Friday, July 1, 2011

9 Etiquettes And Tips of a Photoshop Rockstar Designer

Hello friends! I don’t think we need an intro to the legendary tool, which has celebrated its 20th birthday last month, since its release, in 1990. Let it be designing those inviting little ad banners, to the finest of hand-crafted webapp UIs, PHOTOSHOP have a special place in a web-designer’s heart!
With the bustle of web-designers and photoshopers around the world, every day I feel left behind, seeing the awesomeness in the works of millions of talents out there who manage to outplay me, and as a result, help me rekindle my efforts to learn, every single moment.


9 Etiquettes And Tips of a Photoshop Rockstar Designer
With the abundance of online resources, tutorials, blogs and articles which keep on excavating the trade of photoshoping, anybody with passion and readiness to work hard can become a pro over time.

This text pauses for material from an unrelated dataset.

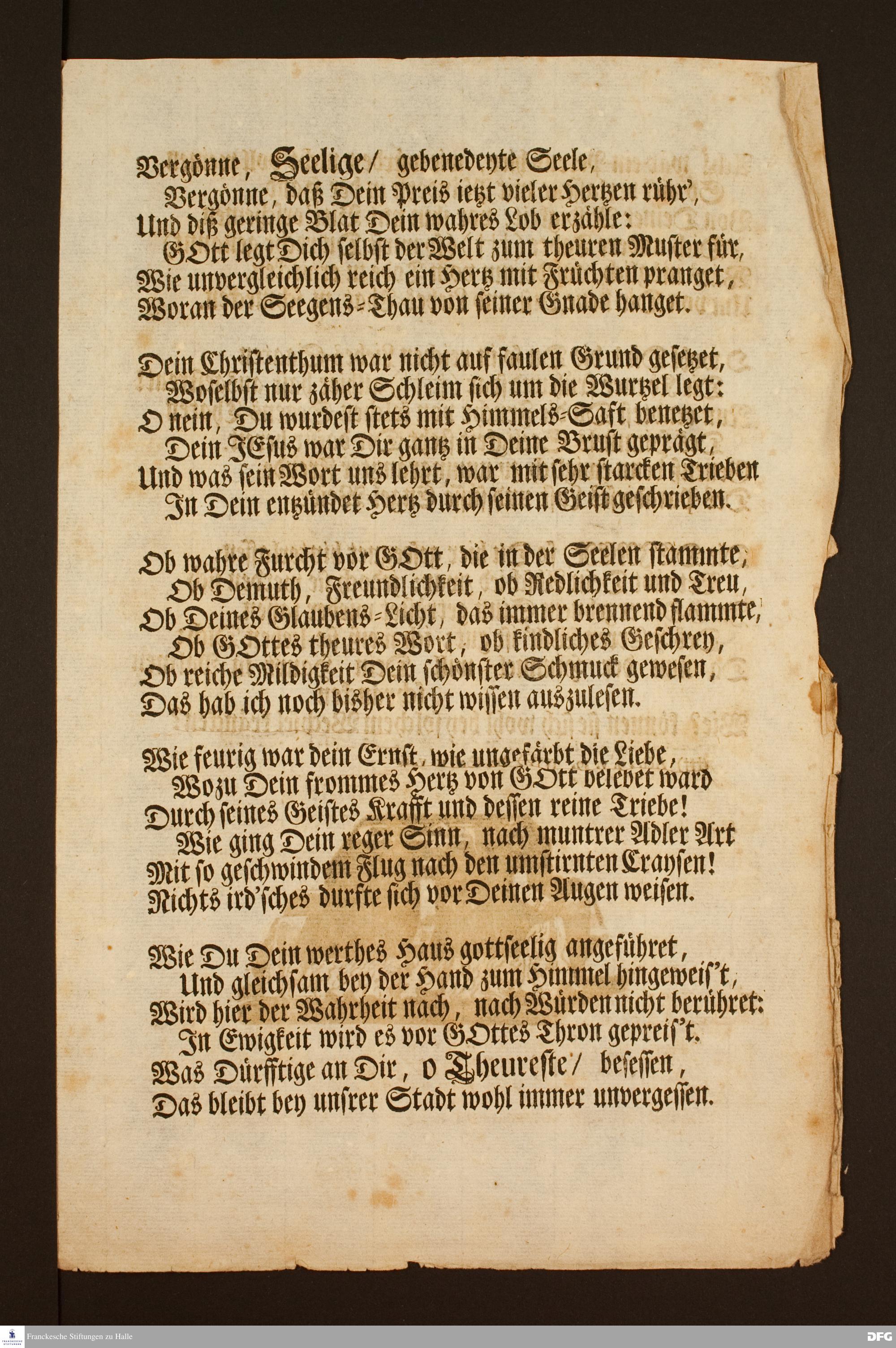 Epicedium von August Hermann Francke anlässlich des Todes von Maria Elisabeth Bieck.

But what does it take to transition from just a pro, to ‘the best’? Why are there some designers who are always the best? What makes them different from the others, when the knowledge available to absorb is equal for everybody? What makes them stand apart?
Here is a quick peep into some etiquettes of a designer in terms of his/her Photoshop workflow, which groups them in a league of their own!
  1. Object Oriented Photoshoping
  2. Naming conventions for layers and sets
  3. Ability to replicate and practice
  4. Usage of paths and pen tool
  5. Effective usage of adjustment layers and styles
  6. Guides, Grids and notes
  7. Workspace Management
  8. Shortcuts, shortcuts and shortcuts
  9. Last but not the least … respect and respond your critiques!

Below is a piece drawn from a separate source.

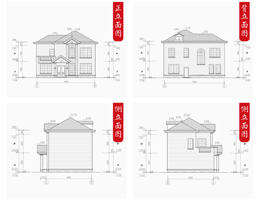 | 建筑圖: | 建筑平面圖:一層平面圖,二層平面圖; 建筑立面圖:東立面圖,西立面圖,南立面圖,北立面圖,剖面圖; 大樣圖:樓梯詳圖,細部大樣,門窗大樣 |

1. Object Oriented Photoshoping

Photoshoping can be fun … and pain at the same time! Especially when you are working on complex visual compositions and layouts, with a lot of iterations involved.  Designing a high-fidelity visual composition for a website or a web application, can be a nightmare, especially if you are in a team of creatives and when client meetings are too often, which means you will be going through a sea of changes and iterations far too often. The key here is organizing. Organizing your layers /sets and structuring your source file is really important, if you want to be in charge of your PSD.

In the last 6+ years of my career in web designing, I have found this as a unique trait in designers, who love to be organized and productive. Let us walk through a sample PSD and see how its composition can be super-organized, by smartly modularizing the elements and following an object-oriented approach.